2020/11/09
今回はUnityのアニメーションに関するお話です。
ずーっと気になっていたのに目を背けていた「下半身と上半身で別々の動きをさせたい!」場合のやり方についてになります。
ちょうど最近開催されていた「Unity1週間ゲームジャム」で使うことになったので、備忘録も兼ねて紹介します。
今まで「アバターが人型(Humanoid)でないとできない」と勝手に思い込んでいたのですが、別にそんなことはなかったです。
動かすboneを手動で設定する必要があるので人型と比べて若干手間ですが、それだけでした。
手順
ゲームジャムで使用した「爆弾を構えている最中に移動」の場合を例にとって解説します。
AvatarMaskの作成
まずは上半身用のAvatarMaskを作成します。アセットで右クリックから「AvatarMask」を選択します。
Transformの方を開き、キャラクターのAvatarを指定します。
Blenderからインポートしたのであれば、モデルを展開すると後ろの方にあるかと思います。
次にAvatarMaskで動かすboneを設定します。
一度「Toggle All」ですべてのチェックを外し、上半身のboneのみにチェックを入れていきます。

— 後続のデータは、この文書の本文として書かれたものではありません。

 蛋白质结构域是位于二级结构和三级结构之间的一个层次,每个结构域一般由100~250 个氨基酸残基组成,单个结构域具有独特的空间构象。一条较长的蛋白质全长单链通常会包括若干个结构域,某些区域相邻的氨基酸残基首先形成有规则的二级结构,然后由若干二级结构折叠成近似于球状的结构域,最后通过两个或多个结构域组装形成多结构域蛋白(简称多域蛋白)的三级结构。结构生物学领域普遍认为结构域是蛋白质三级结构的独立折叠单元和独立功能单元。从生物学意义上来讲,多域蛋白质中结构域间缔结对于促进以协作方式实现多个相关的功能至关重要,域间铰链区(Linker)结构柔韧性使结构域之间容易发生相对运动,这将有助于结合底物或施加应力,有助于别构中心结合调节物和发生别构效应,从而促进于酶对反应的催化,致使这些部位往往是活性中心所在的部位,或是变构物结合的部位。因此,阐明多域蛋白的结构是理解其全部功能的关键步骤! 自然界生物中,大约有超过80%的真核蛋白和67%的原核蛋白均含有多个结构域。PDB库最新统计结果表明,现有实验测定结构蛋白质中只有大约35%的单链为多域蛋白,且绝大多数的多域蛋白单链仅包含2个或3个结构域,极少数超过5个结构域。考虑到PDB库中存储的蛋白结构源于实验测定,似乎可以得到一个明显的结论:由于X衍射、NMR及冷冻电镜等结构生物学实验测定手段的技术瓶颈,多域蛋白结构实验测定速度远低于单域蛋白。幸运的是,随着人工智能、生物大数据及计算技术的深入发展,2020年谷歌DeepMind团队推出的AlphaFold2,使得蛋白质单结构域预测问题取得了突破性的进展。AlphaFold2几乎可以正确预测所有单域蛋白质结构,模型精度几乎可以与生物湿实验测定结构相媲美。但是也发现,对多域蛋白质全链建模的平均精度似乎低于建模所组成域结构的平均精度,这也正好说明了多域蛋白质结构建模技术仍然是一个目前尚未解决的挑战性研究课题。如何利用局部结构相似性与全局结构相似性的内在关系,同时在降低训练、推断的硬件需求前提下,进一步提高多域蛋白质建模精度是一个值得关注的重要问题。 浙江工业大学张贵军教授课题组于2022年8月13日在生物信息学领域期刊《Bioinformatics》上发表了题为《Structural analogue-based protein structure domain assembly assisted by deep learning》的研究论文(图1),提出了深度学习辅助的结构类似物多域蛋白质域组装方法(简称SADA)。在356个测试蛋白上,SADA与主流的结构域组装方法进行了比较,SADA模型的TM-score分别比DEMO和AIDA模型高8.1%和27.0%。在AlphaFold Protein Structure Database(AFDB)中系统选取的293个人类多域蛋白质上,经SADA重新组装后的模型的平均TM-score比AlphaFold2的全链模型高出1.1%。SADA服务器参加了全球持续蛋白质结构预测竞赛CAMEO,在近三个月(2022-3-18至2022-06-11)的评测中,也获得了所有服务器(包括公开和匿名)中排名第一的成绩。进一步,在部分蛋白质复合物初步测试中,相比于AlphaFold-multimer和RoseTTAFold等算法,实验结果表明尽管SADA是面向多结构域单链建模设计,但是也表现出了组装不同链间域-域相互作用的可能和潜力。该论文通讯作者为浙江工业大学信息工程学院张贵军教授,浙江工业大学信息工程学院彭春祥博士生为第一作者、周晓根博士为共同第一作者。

私のように命名規則が雑な人には難関になりえる部分ですが、気合で上半身だけチェックを入れてください。
分からない場合はBlenderを開いて確認しましょう。boneの名前はDataプロパティの「Display→Names」にチェックを入れることで表示できます。
AnimatorControllerのレイヤー追加
キャラクターに設定しているAnimatorControllerに新しいレイヤーを追加します。
歯車マークをクリックして設定を開きます。
先ほど作成したAvatarMaskを設定し、またBlendingが「Override」になっていることを確認して追加します。
次に追加したレイヤーにステートを追加します。
今回上半身を別々で動かしたいのは構えている時のみなので、「何もしない」ステートと「構える」のステートを用意します。それぞれ「None」と「Stand」というステート名にしました。
ポイントはNoneステートのアニメーションを文字通りnone (未設定) の状態にしておくことです。

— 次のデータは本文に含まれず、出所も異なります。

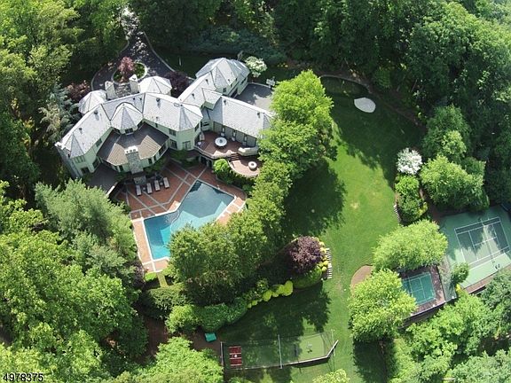 MAJOR PRICE IMPROVEMENT AND EXCEPTIONAL VALUE Magnificent custom built home in resort-like setting on Bernardsville mountain. Approx 12,000 sq ft of living space w incredible outdoor amenities. 1st fl features formal living room & dining room, gourmet kitchen w adj family room, mudroom & guest apt. Other interior highlights:7 fire places, oak flooring & intricate millwork. Walk-out lower level has extensive living space, fully equipped gym, infrared sauna, mini basketball court, wine cellar & kitchenette. Outdoor amenities include:tennis court, paddle court, putting green, batting cage, heated pool, mahogany deck w built in bbq, fire pit, outdoor tv & sound system. Amazing recreation & entertaining space
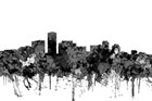 Long Beach California Skyline- Cartoon B&W
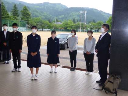 修学旅行 帰着式1 公開日 2022/05/12 更新日 2022/05/12 日々の活動から 5月12日(木) 18時に修学旅行団が学校に帰着しました。 タクシーから降りてくる生徒たちに、職員が「おかえりなさい」の文字で出迎えました。 生徒代表の言葉がありました。
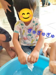 まずは雑巾の絞り方の練習をします!!
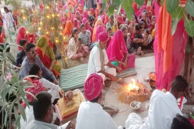 Rajasthan News: संभेला में सेतरावा से आए लोग जहां बाराती थे, वहीं जैतसर व पदमपुर ग्रामवासियों की ओर से वधु पक्ष की रस्में अदा की गईं।

未設定であればベースレイヤーのアニメーションを上書きすることはないので、追加レイヤーは何も影響を与えません。
なので構える時以外は追加レイヤーのステートをNoneステートのままにしておくことで、不必要に上書きしてしまう心配がなくなります。
スクリプトのアニメーション制御
「歩きながら構える」場合、ベースレイヤーは移動ステートのまま、追加したレイヤーのみを構えるステートに切り替えます。
Animator.Play()を使って遷移している場合、レイヤー番号を指定できるオーバーロードがあるので、そちらを使いましょう。
https://docs.unity3d.com/ja/2018.3/ScriptReference/Animator.Play.html
遷移条件にAnimatorControllerのパラメータを使っている場合、パラメータは全レイヤー共通のようなので、追加レイヤー側でも同じように遷移条件を設定してください。
今回の例ではAnimator.SetBool()
を使用しました。
動作テスト
あとはゲーム上で動かしてみます。
ベースレイヤーは待機と移動のアニメーション、追加レイヤーは上半身で爆弾を構えるアニメーションを行います。
下半身の移動と上半身の構える動作が独立して動いているのが分かるかと思います。